Шум в коридоре. В открывшуюся дверь кричит полковник:
– Лейтенант, бегом сюда. Подписал?
Офицер выходит. Слышен отборный мат. Оставшийся седой сержант говорит мне:
– Мы в двадцатом в Крыму с контрой не нянчились. Офицер, буржуй, казак, поп – всех к стенке. Без разбора. Перед войной комдивов лично отмудохивал. У нас конвейер был. Я днём луплю. Напарник – ночью. Через недельку почти все подписывались. А сейчас даже в морду без приказа не дашь… Гумнан… Гинон…
– Гуманизм, – подсказываю я.
– Во-во, ты это давай подписывай. А то мы не жрамши. Осерчаем…
Открывается дверь. Лейтенант заходит с конвойным и кивает на меня сержанту:
– Вяжи руки.
Тот, завязав сзади узел, спрашивает офицера:
– Куда дальше?
– В душевую. Нужно освежиться.
И ржут. Вылитые упыри, как летёха-мент, что банду резал.
В душевой дав со всей дури мне в солнечное сплетение, отволокли к каталке, уложили и крепко зафиксировали ремнями. Накинули на лицо мешковину и стали поливать сверху из душа. Дыхание перехватило. Все попытки вздохнуть заканчивались втягиванием в себя воды вместо воздуха. Вскоре в груди словно взорвалась граната. Разум перекорёжило. Но эти профессионалы сняли мешок, позволив сделать вдох. Лейтенант спросил в ухо:
– Подпишешь? Кивни, если да…
Я судорожно дыша, с закрытыми глазами выплёвывал розовую пену. И не кивал.

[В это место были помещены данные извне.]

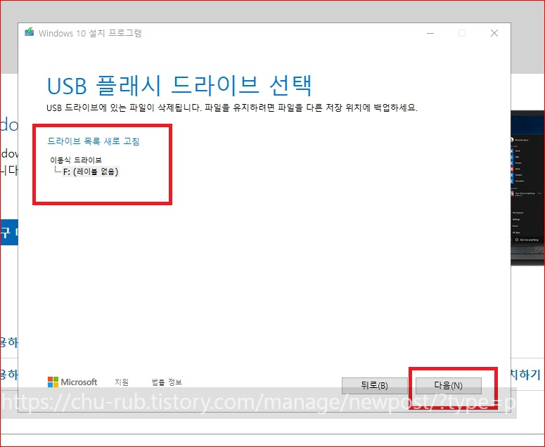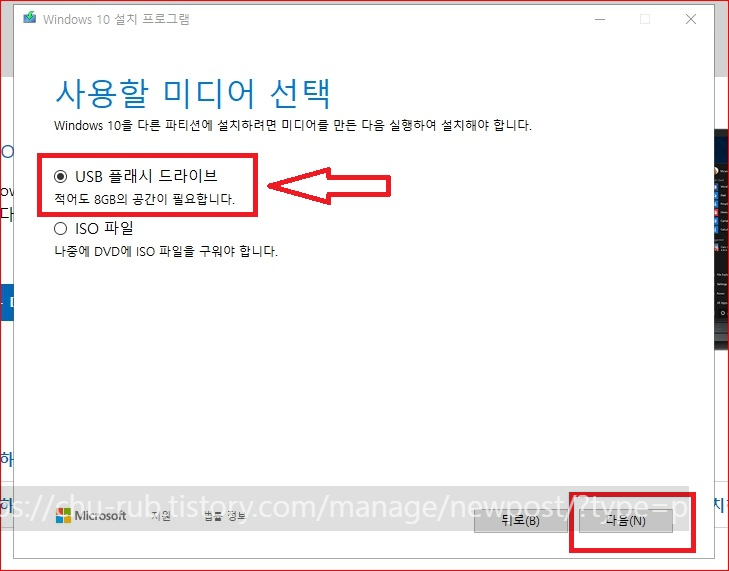 USB 플래시 드라이브 선택 후 다음 클릭

– О, обоссался уже. Что ж повторим…
Снова мешок, вода, взрыв гранаты в лёгких… И ещё, и ещё, и ещё…
Кто-то стучит меня по щекам и переворачивает набок. Пытаюсь вдохнуть, но внутри клокочет вода. Меня наклоняют сильнее. Из носа и рта брызжет вода. Начинаю хрипеть и извергать из себя набранную вместо воздуха жидкость.
– Подпишешь или повторим? – кувалдой бьёт в мозг голос летёхи.
– Ещё полчасика и подпишет, как миленький, – это "ветеран" резюмирует.
Тут дверь отворяется. Голос полковника:
– Ну, что? Как нет? Я вас, блядей, на Колыму пошлю допросы устаивать. Без выходных до конца месяца. Не слышу?
– Так точно, товарищ полковник.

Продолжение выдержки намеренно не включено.